Владимир Соловьев, автор обсуждаемого рассказа:
Автор должен повиниться за досадную оговорку (опечатку, описку, обмолвку, как угодно) в рассказе «Не от мира сего последняя дрянь»: в одном месте я назвал литературного персонажа Леонида Иосифом. Так случается сплошь и рядом — см., к примеру, последнюю главу «Капитанской дочки» и проч. Не в оправдание, а в пояснение этого парапраксиса, который Фрейд объясняет в «Психопатологии обыденной жизни» случайным выходом наружу бессознательного, должен сообщить, что в последнее время много занимаюсь Иосифом Бродским: полгода назад в Москве вышел мой килограммовый фолиант о нем «Иосиф Бродский. Апофеоз одиночества», а сейчас подготовил новое издание этой книги, сокращенное и дополненное «Бродский. Двойник с чужим лицом». Короче, голова моя по самое некуда забита Бродским, вот имя его и выскочило, как черт из табакерки, в неположенном месте, тем более он тоже фигурант этого рассказа, пусть и маргинальный.
Не винитесь за эту оговорку, Автор! Она сразу видна любому внимательному читателю. В литературе всякое бывает. А рассказ прекрасный. В нем есть что-то Бунинское.

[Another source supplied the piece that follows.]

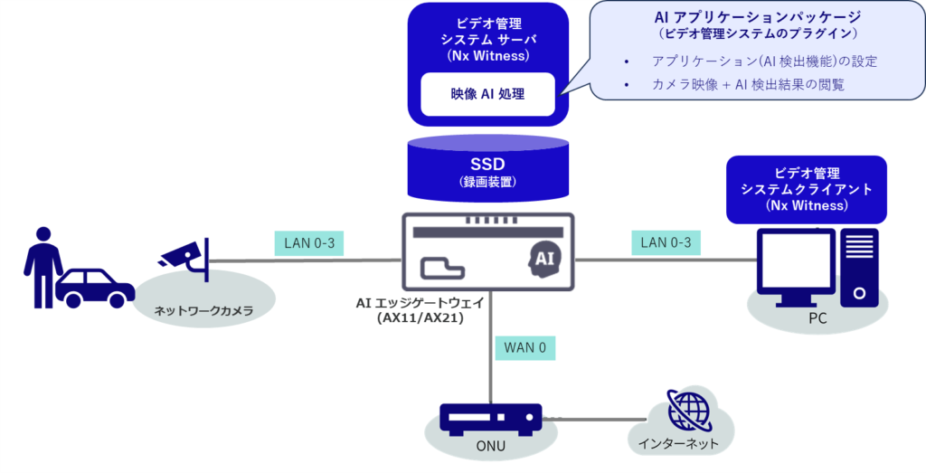 AI アプリケーションパッケージは、ビデオ管理システム(AI エッジゲートウェイに標準プリインストール)のプラグインとして搭載されています。

Вот так новогодний подарочек! А как задушевно написан!
Гениальное Новогоднее!
Enjoyed reading this wonderful, intriguing story, from its great title to the unusual plot. «Innocent» betrayal, which cannot lead to jealousy, even for the husband. Birth of a «holy» child, defying the physical death of his father who will never see him alive. A New Year’s day treat! T ank you.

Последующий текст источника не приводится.